## AIM OF THE TASK
Below is a listing; restate from it, character for character, the lines beginning at the line holding "再好看的女生,面对镜头难免都" and ending at the line holding "Aug 19, 2021", both included.

## RECORD EXTRACTS
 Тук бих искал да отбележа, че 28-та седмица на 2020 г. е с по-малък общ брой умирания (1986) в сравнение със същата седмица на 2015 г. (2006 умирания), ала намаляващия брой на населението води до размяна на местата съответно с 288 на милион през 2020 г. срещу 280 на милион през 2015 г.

---

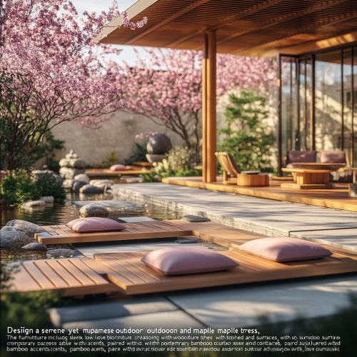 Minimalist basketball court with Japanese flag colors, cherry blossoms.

...

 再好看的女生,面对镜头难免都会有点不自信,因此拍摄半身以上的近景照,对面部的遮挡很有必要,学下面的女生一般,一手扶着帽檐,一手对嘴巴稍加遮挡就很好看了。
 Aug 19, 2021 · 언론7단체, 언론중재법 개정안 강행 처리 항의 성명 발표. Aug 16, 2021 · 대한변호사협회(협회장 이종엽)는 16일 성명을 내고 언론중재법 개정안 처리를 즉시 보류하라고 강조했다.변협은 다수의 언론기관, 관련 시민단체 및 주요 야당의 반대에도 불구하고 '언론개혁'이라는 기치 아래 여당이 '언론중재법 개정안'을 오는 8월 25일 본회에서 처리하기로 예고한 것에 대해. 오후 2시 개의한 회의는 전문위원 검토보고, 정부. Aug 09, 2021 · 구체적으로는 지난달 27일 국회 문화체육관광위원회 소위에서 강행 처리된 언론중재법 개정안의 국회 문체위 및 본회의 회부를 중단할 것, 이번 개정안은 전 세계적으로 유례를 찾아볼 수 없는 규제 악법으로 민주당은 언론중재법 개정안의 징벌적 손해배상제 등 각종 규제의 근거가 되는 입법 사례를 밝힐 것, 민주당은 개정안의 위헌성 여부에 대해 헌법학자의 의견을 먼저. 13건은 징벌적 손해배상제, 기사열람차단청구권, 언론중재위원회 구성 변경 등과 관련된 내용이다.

## RESPONSE FOR THIS EXERCISE
 再好看的女生,面对镜头难免都会有点不自信,因此拍摄半身以上的近景照,对面部的遮挡很有必要,学下面的女生一般,一手扶着帽檐,一手对嘴巴稍加遮挡就很好看了。
 Aug 19, 2021 · 언론7단체, 언론중재법 개정안 강행 처리 항의 성명 발표. Aug 16, 2021 · 대한변호사협회(협회장 이종엽)는 16일 성명을 내고 언론중재법 개정안 처리를 즉시 보류하라고 강조했다.변협은 다수의 언론기관, 관련 시민단체 및 주요 야당의 반대에도 불구하고 '언론개혁'이라는 기치 아래 여당이 '언론중재법 개정안'을 오는 8월 25일 본회에서 처리하기로 예고한 것에 대해. 오후 2시 개의한 회의는 전문위원 검토보고, 정부. Aug 09, 2021 · 구체적으로는 지난달 27일 국회 문화체육관광위원회 소위에서 강행 처리된 언론중재법 개정안의 국회 문체위 및 본회의 회부를 중단할 것, 이번 개정안은 전 세계적으로 유례를 찾아볼 수 없는 규제 악법으로 민주당은 언론중재법 개정안의 징벌적 손해배상제 등 각종 규제의 근거가 되는 입법 사례를 밝힐 것, 민주당은 개정안의 위헌성 여부에 대해 헌법학자의 의견을 먼저. 13건은 징벌적 손해배상제, 기사열람차단청구권, 언론중재위원회 구성 변경 등과 관련된 내용이다.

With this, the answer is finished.